Thursday, January 19, 2017

FOOT MEMORY

It has been 6 years since I shed the ottoman footstool I bought in Karachi Pakistan and took, along with the wicker chair, back to my stateroom on the mighty flagship of the Middle East Force over 30 years ago. I have different foot stools for my comfy chairs above and below and neither of them has a pile of cushions on them that my feet can burrow into when they feel cold. Nonetheless, when I don't think about it, as I read into the night, one foot or the other, sensing it is cold, attempts, futilely to burrow under the cushion it rests upon.

Funny how memory works. I remember using just pure muscle memory to open safes or dial phone numbers that I could not remember. I could let me fingers do the walking on the safes, and to be honest, I was the one that set the safe combinations for almost 30 years. I could tell you stories about setting combos on COMSEC safes and still shudder at the memories.

One of the things junior officers had that nobody else did on warships long ago, oddly enough, was privacy. One could, or not, lock the stateroom door behind one each morning but there was every expectation that nobody would step foot in there after one left because, who would? For some of us the stateroom served as an auxiliary office but most of us had an office. I might lock up property belonging to one of my sailors but he had no expectation of seeing me lock it in my safe in the stateroom and didn't expect to be there if I removed it to return to him. I don't think anybody came into my stateroom (except my room mate) the whole time I was a division officer (2 ships).

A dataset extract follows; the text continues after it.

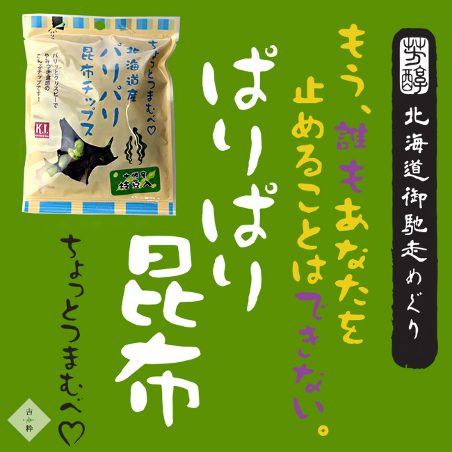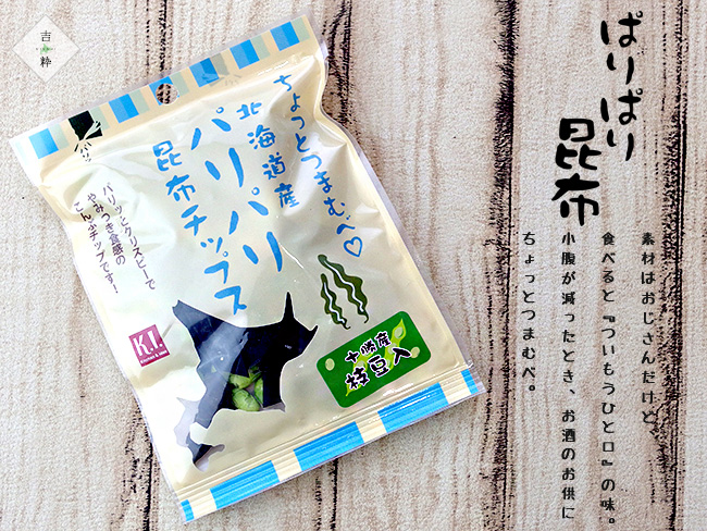 北海道産の昆布と北海道十勝産枝豆を乾燥させてオヤツにした【ぱりぱり昆布と十勝産枝豆】です。普通のおやつ昆布以上に「パリンッ」とした軽くて美味しい食感と、十勝産にこだわったフリーズドライ塩枝豆で飽きのこない味に仕上げました。

The XO's office was right outside his sleeping cabin. I was in there a lot for one reason or another. Same for visits to Ops in his stateroom but no separate cabin for Ops. I don't actually think the Operations Officer had an office on first ship. The only place I used to see him was in his stateroom. The Cheng had a desk in the Logroom, the First LT had a desk inside the Deck office. The Dr and Dentist both had offices in sickbay and the office of extraordinary relief from pain....but I used to chat with the Doc in his stateroom.

You picked up on the difference right? Only the captain and the Admiral had cabins. The rest of us, staterooms. It proved impossible to get that right in my head on the Queen Mary 2. I kept saying stateroom and people would look at me like I was crazy. s'Okay, I can live with it.

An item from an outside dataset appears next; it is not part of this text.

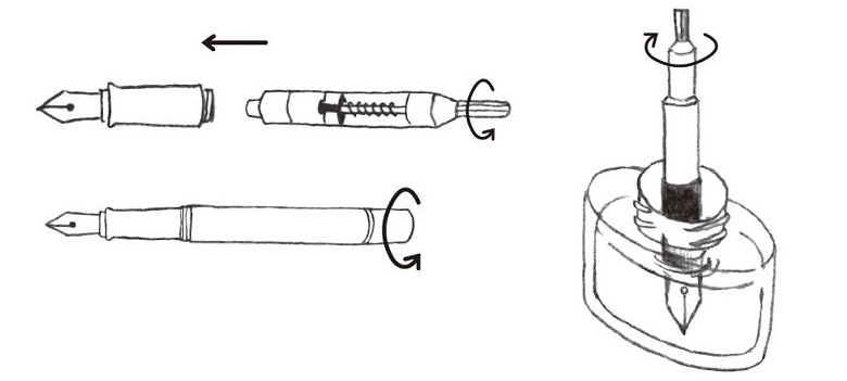 ペン先をインク瓶の中に入れ、尻軸を時計回りに回しながらインクを吸い上げます。

In my stateroom, which I shared for awhile, I had Persian carpets on the deck which is one reason that my older sister's Persian carpet has toothpaste stains. I had a wicker chair that was supremely comfortable, so comfortable in fact that my little sister asked if she could borrow it when she was brooding her eldest. As I recall, she talked me out of the hassock which came back without the lamb skin pillow but with several alt pillows about 5 months later.

As a department head, XO and CO, everybody used my quarters as an office. The one I most disliked was the unfortunate soul who tried twice to hold bible study in my stateroom. I might have pointed out to the youngster that this place was where I got the 30 minutes of sleep a day that kept me going and maybe pointed at the .45 hanging on the hook on my side of the door and told him I wasn't afraid to use it.

And so we return to the hassock of foot memory. Feet remember.